My aibu is...Dad has grafted hard and been lucky enough to be in the right place and got some cracking property deals. He's savvy with cash. With luck he should be with us for many years, he's certainly in rude health.

I've had many years of menial jobs. No backup savings, pension etc. I truly have little clue for tax planning etc.

I'm scared at the responsibility he's giving me. Aibu?

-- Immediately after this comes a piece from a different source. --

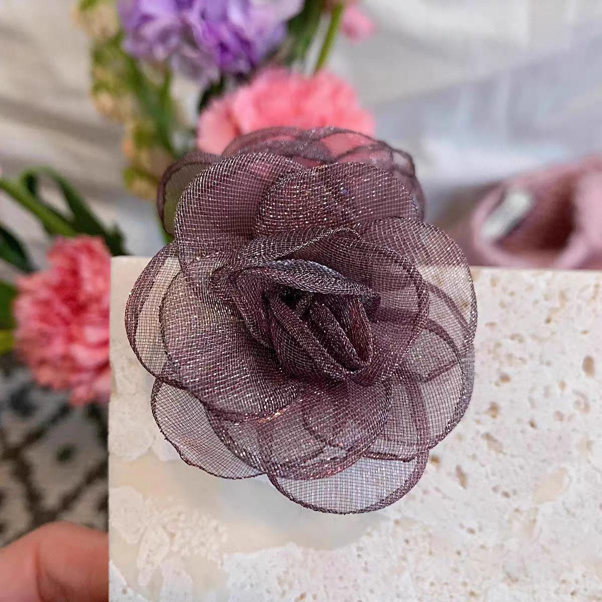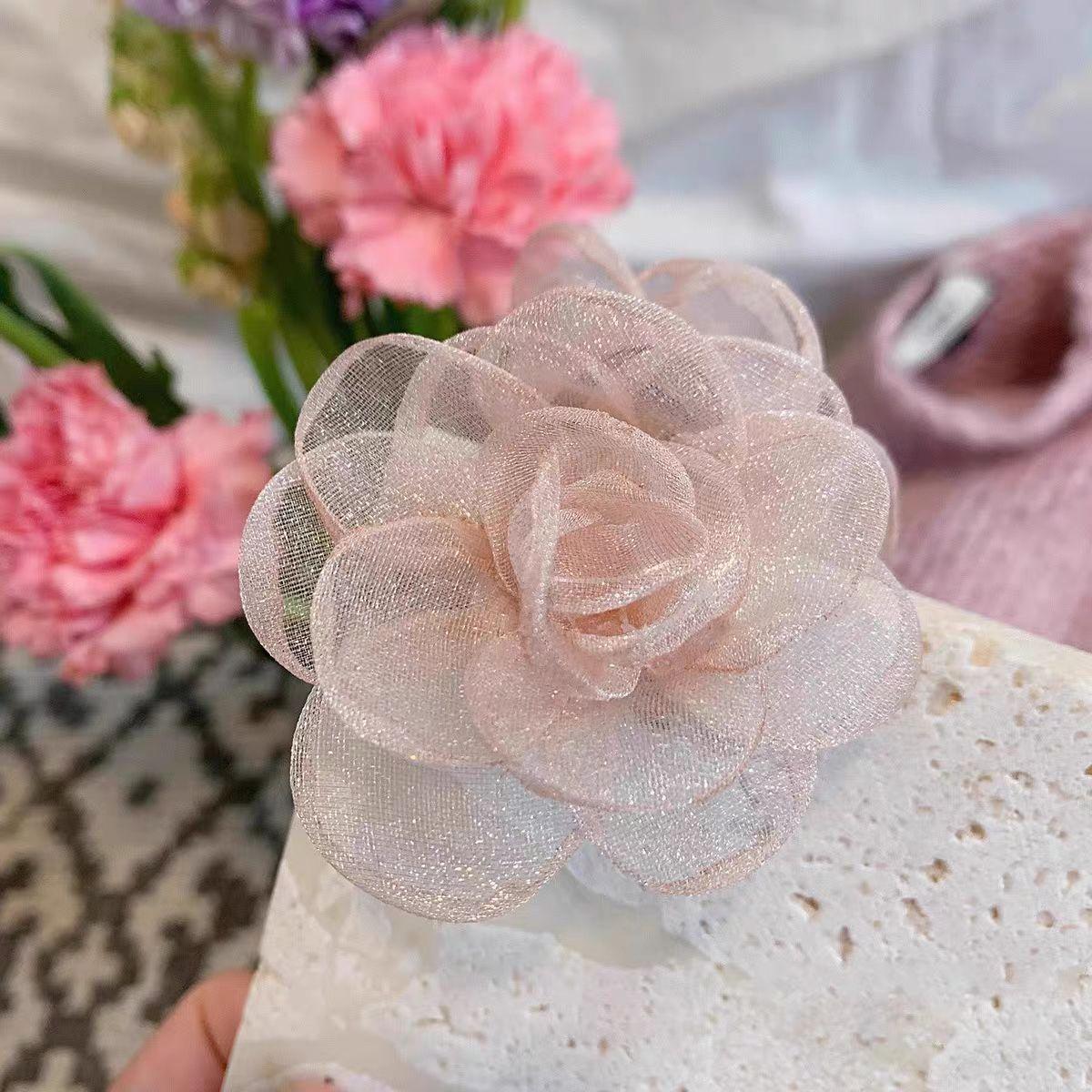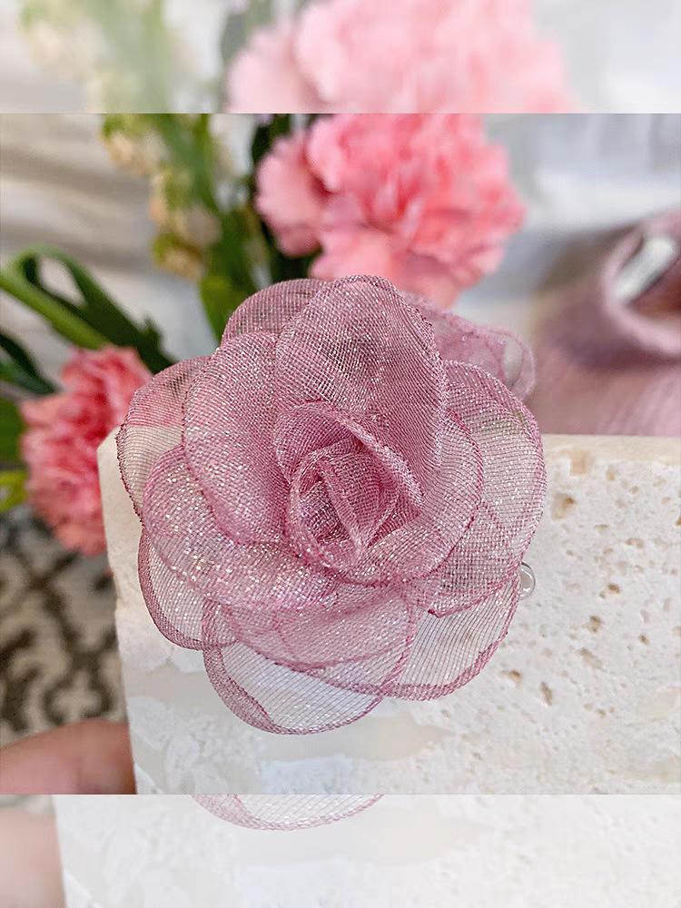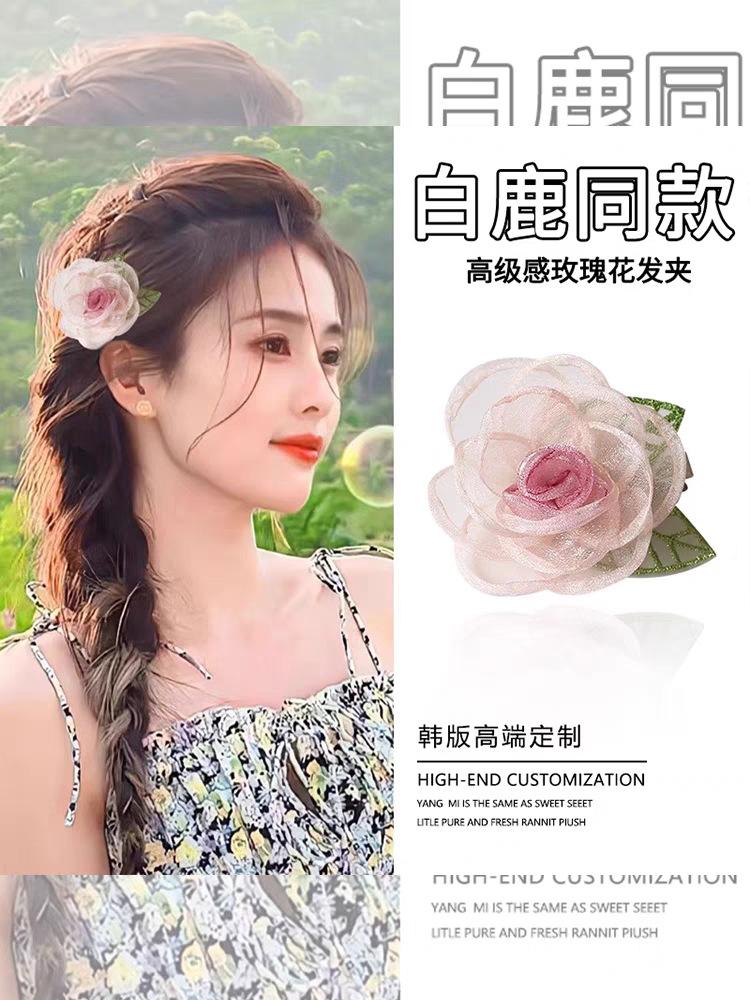Pinza para el cabello con rosa de organza, pinza lateral de alta gama, pinza para flequillo estilo hada, pinza para el cabello roto en la frente, accesorio para la cabeza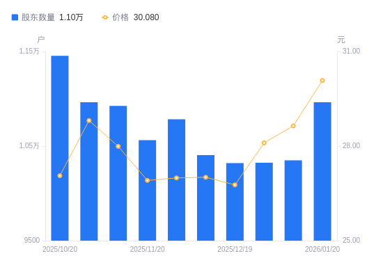 1月27日消息,数据显示,截至2026年1月20日,瑞德智能A股股东总户数为1.1万户,较上期(2026年1月9日)增加614户,增幅5.93%。公司最新A股总股本为1.02亿股,其中流通A股7646.07万股,户均持有流通A股数量为6974.44股,较上期减少413.79股,降幅5.60%;户均持流通A股市值20.98万元,较上期减少1807.73元,降幅0.85%。

Do I trust that if the worst happens he has his wishes in writing? Do I need legal advice? This has been a bolt from the blue and I really don't know how to take it in or discuss it with him further tbh without sounding grabby ie what do you want to happen to your cash and assets?.

OP posts:
Slightlyconfuddled · 24/03/2018 10:58

Thanks for all the replies. Yes he is doing it to forward plan, and is 're doing his will also as his current one is invalid due to a change in his circumstances. He didn't mention who will be Executor but the conversation so far has been brief.

I hope I am never in a position to have to use either the financial or health POA but I guess it's reassuring to know it will be in place.

I will have a Google and do some research, it's just come a little out of the blue and overwhelmed me that's all.

OP posts:
Blackcedar · 24/03/2018 15:35

Definitely accept, and treat it as a reassuring thing. Be open with your dad and make a careful note of his answers to questions about his wishes. My dad developed dementia. He consistently refused to allow a Power of Attorney or write a will when in good health. As the dementia got worse my sibling and I had to get a Court of Protection order (what you have to get when you have no Lasting PoA and the person has lost mental capacity) and it cost us nearly £12,000 of our own money in solicitor's fees - which we couldn't claim back until after he died! It ate all my savings and was very sad and stressful. So please just say yes and don't be scared, just keep good notes.

TooManyPaws · 24/03/2018 15:46

I had POA for both my parents and shared executorship with the family solicitor. I only remember signing one document so I don't know if it differs with legal systems as I never knew of two kinds. My mother's was set up after she became disabled by strokes but I don't remember any long term problems (or the lawyer dealt with them) as we lived/live in Scotland which has a different legal system. I never needed to use it for my father as he was compos mentis to the end. As far as the executorship, the lawyer dealt with most of it, running decisions past me, so that joint executorship might be easier for you if you doubt your ability to do it and there is the money in the estate to pay the fees. A lawyer is also more difficult for your brother to bully.